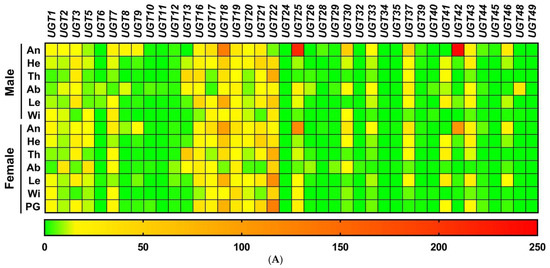 As 10 transcripts encoding UGTs were identified exclusively from the initially assembled transcripts which were not clustered by Corset v1.05 [36], their FPKM values were unable to be calculated in various tissues. Thus, we constructed an expression profiling map of 40 AyunUGTs in 13 tissues. The majority of the genes were widely transcribed in tissues, such as AyunUGT1–3/5/7/16–22/25. Focusing on the genes specifically or highly expressed in tissues, it was found that six AyunUGTs had an antenna-enriched expression, including AyunUGT8/9/18/25/30/37/42/46 where AyunUGT8 appeared to be a male-biased relative in the antennae with a 5.12-fold difference compared to females. In contrast, AyunUGT22 expression was female-antenna-predominant. In addition, AyunUGT5, UGT41, and UGT48 were abundantly expressed in female abdomens, legs of both sexes, and male abdomens, respectively (Figure 3A).
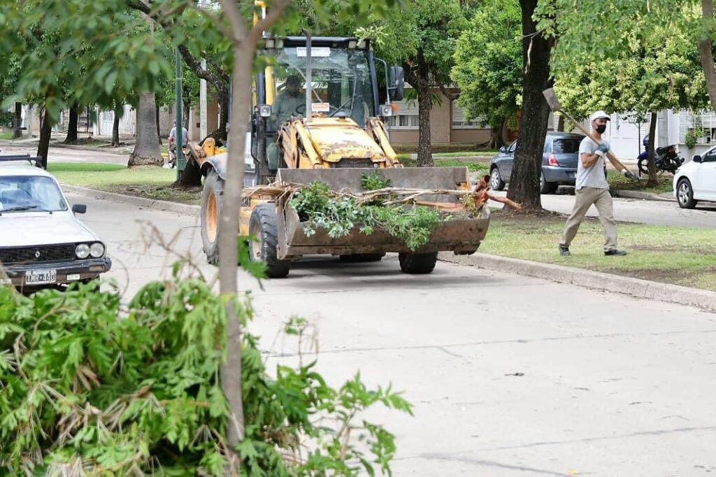 Esta madrugada la tormenta ocasionó caídas de ramas y árboles en diferentes partes de la ciudad, “nuestras cuadrillas trabajaron desde temprano para poner en condiciones nuevamente las calles de Morteros”, dieron a conocer desde el Municipio local.
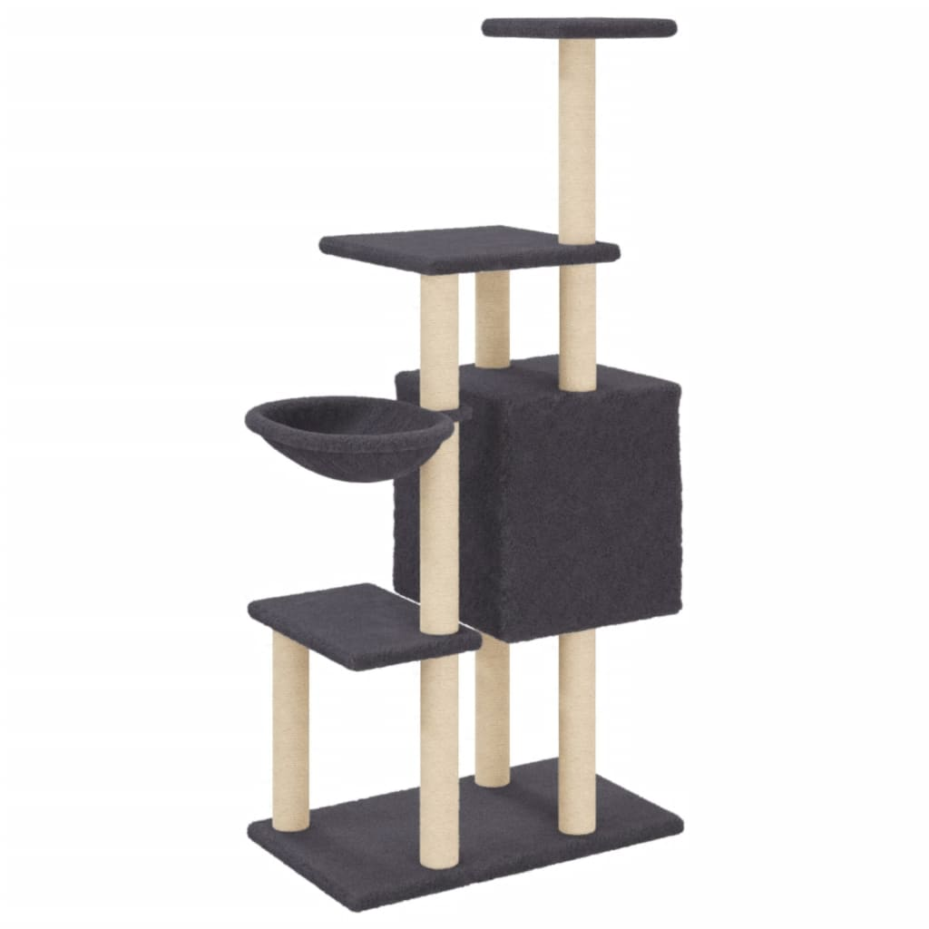 vidaXL Cat Tree Dark Grey Engineered wood, plush, sisal 51.6 in tall

— Brief —
Retype the data word for word and keep the pictures out of it.

— Exercise result —
 As 10 transcripts encoding UGTs were identified exclusively from the initially assembled transcripts which were not clustered by Corset v1.05 [36], their FPKM values were unable to be calculated in various tissues. Thus, we constructed an expression profiling map of 40 AyunUGTs in 13 tissues. The majority of the genes were widely transcribed in tissues, such as AyunUGT1–3/5/7/16–22/25. Focusing on the genes specifically or highly expressed in tissues, it was found that six AyunUGTs had an antenna-enriched expression, including AyunUGT8/9/18/25/30/37/42/46 where AyunUGT8 appeared to be a male-biased relative in the antennae with a 5.12-fold difference compared to females. In contrast, AyunUGT22 expression was female-antenna-predominant. In addition, AyunUGT5, UGT41, and UGT48 were abundantly expressed in female abdomens, legs of both sexes, and male abdomens, respectively (Figure 3A).
 Esta madrugada la tormenta ocasionó caídas de ramas y árboles en diferentes partes de la ciudad, “nuestras cuadrillas trabajaron desde temprano para poner en condiciones nuevamente las calles de Morteros”, dieron a conocer desde el Municipio local.
 vidaXL Cat Tree Dark Grey Engineered wood, plush, sisal 51.6 in tall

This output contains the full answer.